In JavaScript Module II, we got our bearings by forming a picture of the two sides involved in an API, the server and the client. With a solid grasp on the who, we are ready to look deeper into how these two communicate. For context, we first look at the human model of communication and compare it to computers. After that, we move on to the specifics of a common protocol used in APIs.

Knowing the Rules

People create social etiquette to guide their interactions. One example is how we talk to each other on the phone. Imagine yourself chatting with a friend. While they are speaking, you know to be silent. You know to allow them brief pauses. If they ask a question and then remain quiet, you know they are expecting a response and it is now your turn to talk.

Computers have a similar etiquette, though it goes by the term "protocol". A computer protocol is an accepted set of rules that govern how two computers can speak to each other. Compared to our standards, however, a computer protocol is extremely rigid. Think for a moment of the two sentences "My favorite color is blue" and "Blue is my favorite color." People are able to break down each sentence and see that they mean the same thing, despite the words being in different orders. Unfortunately, computers are not that smart.

For two computers to communicate effectively, the server has to know exactly how the client will arrange its messages. You can think of it like a person asking for a mailing address. When you ask for the location of a place, you assume the first thing you are told is the street address, followed by the city, the state, and lastly, the zip code. You also have certain expectations about each piece of the address, like the fact that the zip code should only consist of numbers. A similar level of specificity is required for a computer protocol to work.

The Protocol of the Web

There is a protocol for just about everything, each one tailored to do different jobs. You may have already heard of some: Bluetooth for connecting devices, and POP or IMAP for fetching emails.

On the web, the main protocol is the Hyper-Text Transfer Protocol, better known by its acronym, HTTP. When you type an address like http://example.com into a web browser, the "http" tells the browser to use the rules of HTTP when talking with the server.

With the ubiquity of HTTP on the web, many companies choose to adopt it as the protocol underlying their APIs. One benefit of using a familiar protocol is that it lowers the learning curve for developers, which encourages usage of the API. Another benefit is that HTTP has several features useful in building a good API, as we'll see later. Right now, let's brave the water and take a look at how HTTP works!

HTTP Requests

Communication in HTTP centers around a concept called the Request-Response Cycle. The client sends the server a request to do something. The server, in turn, sends the client a response saying whether or not the server could do what the client asked.

To make a valid request, the client needs to include four things:

URL (Uniform Resource Locator) 1
Method
List of Headers
Body

That may sound like a lot of details just to pass along a message, but remember, computers have to be very specific to communicate with one another.

URL

URLs are familiar to us through our daily use of the web, but have you ever taken a moment to consider their structure? In HTTP, a URL is a unique address for a thing (a noun). Which things get addresses is entirely up to the business running the server. They can make URLs for web pages, images, or even videos of cute animals.
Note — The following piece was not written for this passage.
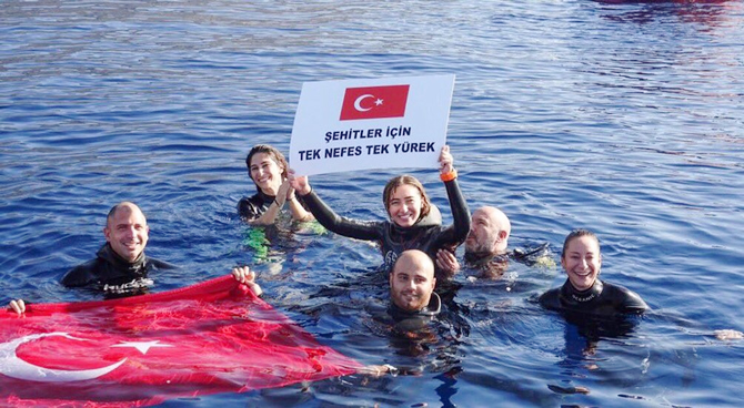 Sporcu, zaferini kutladığı ekip arkadaşlarıyla denizde Türk bayrağı ve üzerinde "Şehitlerimiz için tek nefes, tek yürek" yazan bir pankart açtı.

APIs extend this idea a bit further to include nouns like customers, products, and tweets. In doing so, URLs become an easy way for the client to tell the server which thing it wants to interact with. Of course, APIs also do not call them "things", but give them the technical name "resources."

Method

The request method tells the server what kind of action the client wants the server to take. In fact, the method is commonly referred to as the request "verb."

The four methods most commonly seen in APIs are:

GET - Asks the server to retrieve a resource
POST - Asks the server to create a new resource
PUT - Asks the server to edit/update an existing resource
DELETE - Asks the server to delete a resource

Here's an example to help illustrate these methods. Let's say there is a pizza parlor with an API you can use to place orders. You place an order by making a POST request to the restaurant's server with your order details, asking them to create your pizza. As soon as you send the request, however, you realize you picked the wrong style crust, so you make a PUT request to change it.
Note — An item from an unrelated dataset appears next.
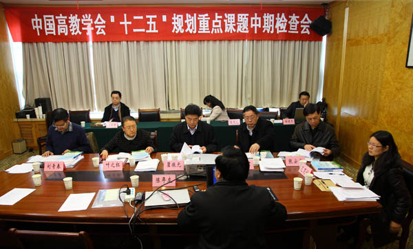 会议由中国高等教育学会会长瞿振元教授主持,副秘书长叶之红研究员就学会“十二五”规划重点课题中期检查的要求做说明,参加本次会议中期检查的重点课题项目共8个。beat365官网课题主持人校长陈年友教授从 “研究思路、研究内容、研究进展、阶段成果和下步计划” 五个方面向专家组汇报了《高职教育可持续发展研究》规划重点课题的研究情况进展。专家组在听取主持人汇报、查看阶段性成果后,对陈年友教授主持的规划重点课题研究进展给予了较高评价,中国高等教育学会会长瞿振元教授说:“研究做得很不错”。同时,专家组就课题后期研究工作,对成果的针对性、成果质量提升、成果的实践应用与推广等方面,提出了合理化建议。参加汇报会的还有科研处长王梓林、副处长蔡新职和建设办刘锋老师。

While waiting on your order, you make a bunch of GET requests to check the status. After an hour of waiting, you decide you've had enough and make a DELETE request to cancel your order.

Headers

Headers provide meta-information about a request. They are a simple list of items like the time the client sent the request and the size of the request body.

Have you ever visited a website on your smartphone that was specially formatted for mobile devices? That is made possible by an HTTP header called "User-Agent." The client uses this header to tell the server what type of device you are using, and websites smart enough to detect it can send you the best format for your device.

There are quite a few HTTP headers that clients and servers deal with, so we will wait to talk about other ones until they are relevant in later sections.

Body

The request body contains the data the client wants to send the server. Continuing our pizza ordering example above, the body is where the order details go.

A unique trait about the body is that the client has complete control over this part of the request. Unlike the method, URL, or headers, where the HTTP protocol requires a rigid structure, the body allows the client to send anything it needs.

These four pieces — URL, method, headers, and body — make up a complete HTTP request.

HTTP Responses

After the server receives a request from the client, it attempts to fulfill the request and send the client back a response. HTTP responses have a very similar structure to requests. The main difference is that instead of a method and a URL, the response includes a status code. Beyond that, the response headers and body follow the same format as requests.

Status Codes

Status codes can be grouped into categories

1xx: Informational
2xx: Success
3xx: Redirection
4xx: Client Error
5xx: Server Error

If you want a fun look at HTTP status codes, take a look at Status Dogs or Status Cats if you are cat person.

Status codes are three-digit numbers that each have a unique meaning. When used correctly in an API, this little number can communicate a lot of info to the client. For example, you may have seen this page during your internet wanderings:

The status code behind this response is 404, which means "Not Found." Whenever the client makes a request for a resource that does not exist, the server responds with a 404 status code to let the client know: "that resource doesn't exist, so please don't ask for it again!"

There is a slew of other statuses in the HTTP protocol, including 200 ("success! that request was good") to 503 ("our website/API is currently down.") We'll learn a few more of them as they come up in later sections.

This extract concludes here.